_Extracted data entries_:
---

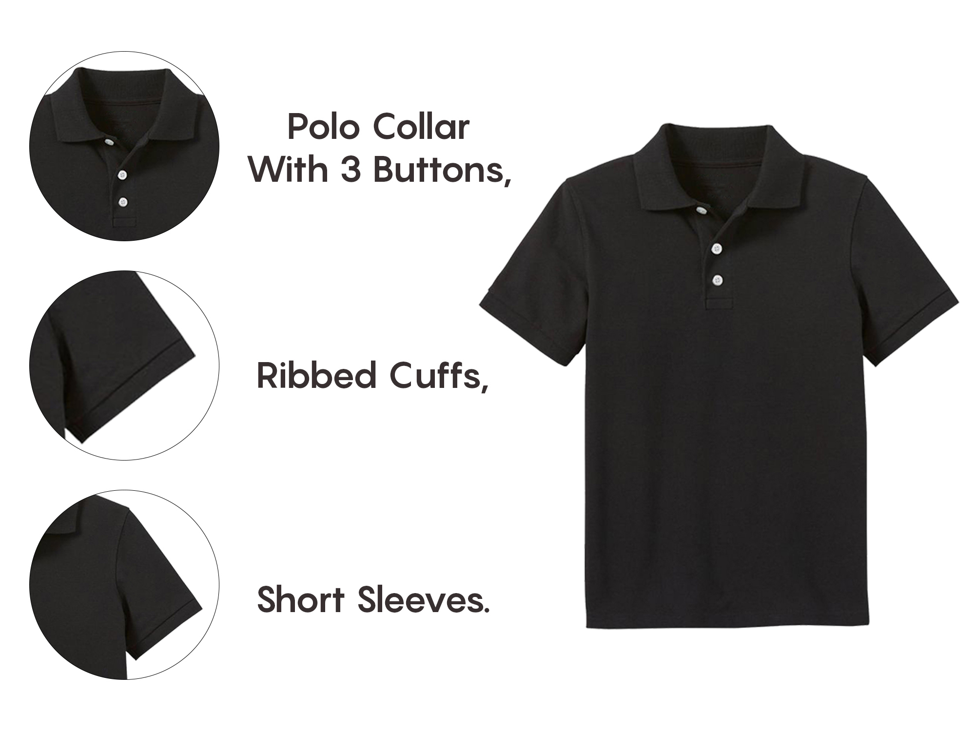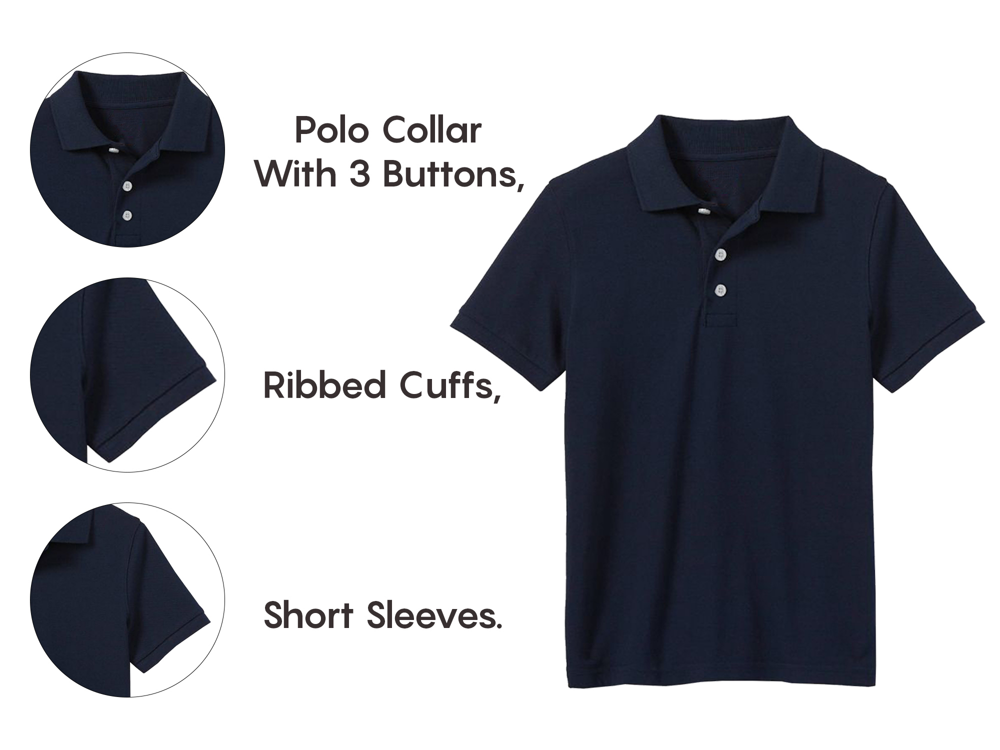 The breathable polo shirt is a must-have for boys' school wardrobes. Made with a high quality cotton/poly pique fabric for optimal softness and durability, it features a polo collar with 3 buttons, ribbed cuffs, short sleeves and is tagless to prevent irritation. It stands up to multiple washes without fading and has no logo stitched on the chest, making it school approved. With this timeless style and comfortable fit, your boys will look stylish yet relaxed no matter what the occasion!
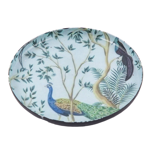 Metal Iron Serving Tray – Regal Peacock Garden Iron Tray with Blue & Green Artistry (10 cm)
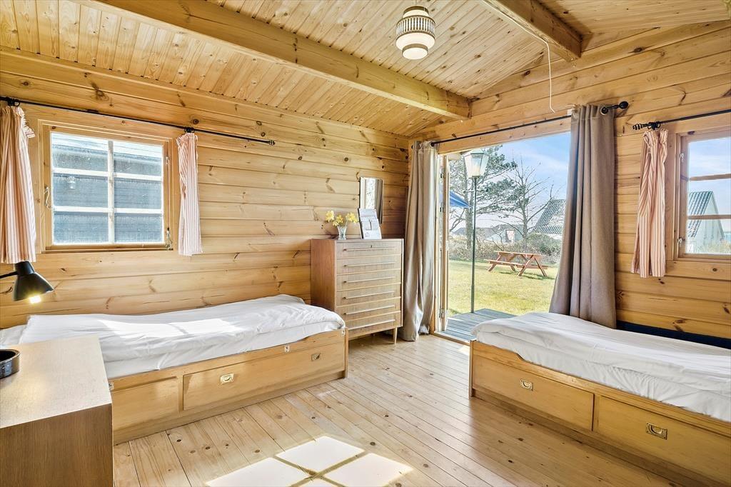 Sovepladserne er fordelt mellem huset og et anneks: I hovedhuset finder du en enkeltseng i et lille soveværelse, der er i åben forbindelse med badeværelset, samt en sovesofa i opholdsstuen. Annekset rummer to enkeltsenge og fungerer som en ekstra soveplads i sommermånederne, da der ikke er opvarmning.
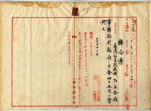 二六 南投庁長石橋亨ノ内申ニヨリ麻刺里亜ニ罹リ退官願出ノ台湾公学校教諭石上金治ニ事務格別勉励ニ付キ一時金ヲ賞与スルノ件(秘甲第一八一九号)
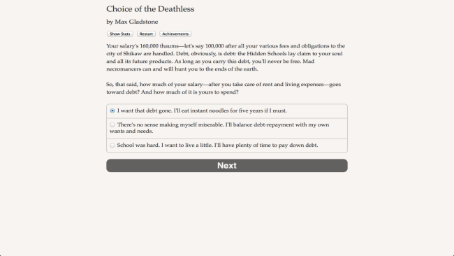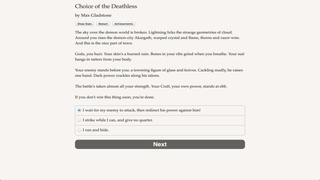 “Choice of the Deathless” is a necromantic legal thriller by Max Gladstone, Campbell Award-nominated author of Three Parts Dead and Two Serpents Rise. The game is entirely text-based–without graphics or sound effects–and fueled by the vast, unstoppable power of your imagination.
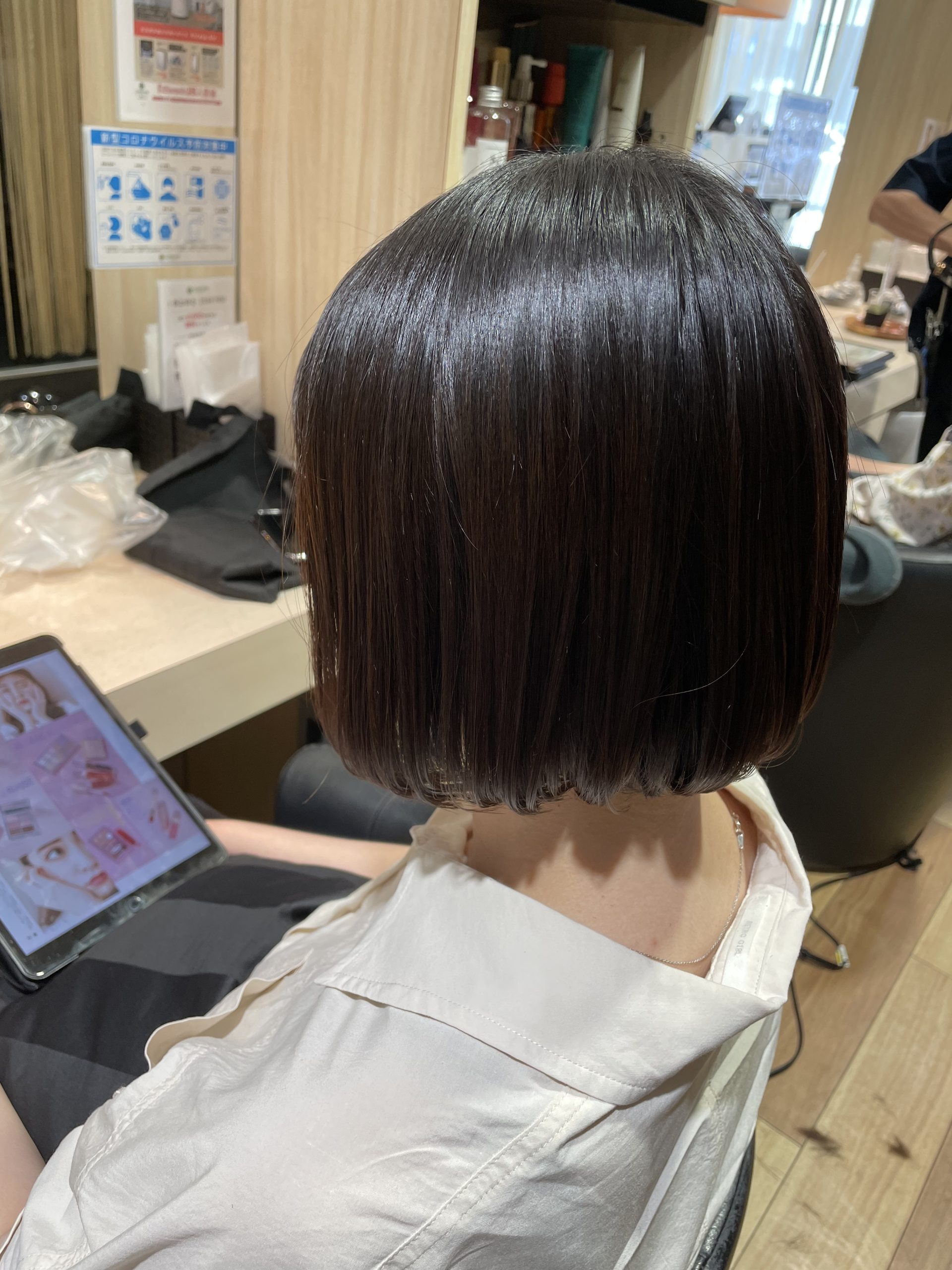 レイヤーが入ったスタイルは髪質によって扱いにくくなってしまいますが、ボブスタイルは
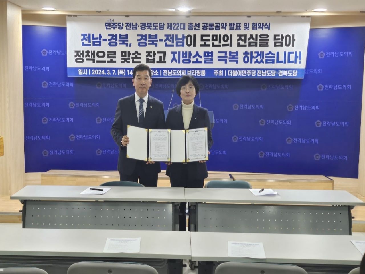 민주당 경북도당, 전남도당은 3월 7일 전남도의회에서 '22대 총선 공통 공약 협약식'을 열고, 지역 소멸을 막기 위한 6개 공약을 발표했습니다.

---

_What you will do_: Your task is to give again, unchanged, the lines from the line that contains "レイヤーが入ったスタイルは髪" to the end of the records. Include both end lines but no pictures.

_Task result_:
 レイヤーが入ったスタイルは髪質によって扱いにくくなってしまいますが、ボブスタイルは
 민주당 경북도당, 전남도당은 3월 7일 전남도의회에서 '22대 총선 공통 공약 협약식'을 열고, 지역 소멸을 막기 위한 6개 공약을 발표했습니다.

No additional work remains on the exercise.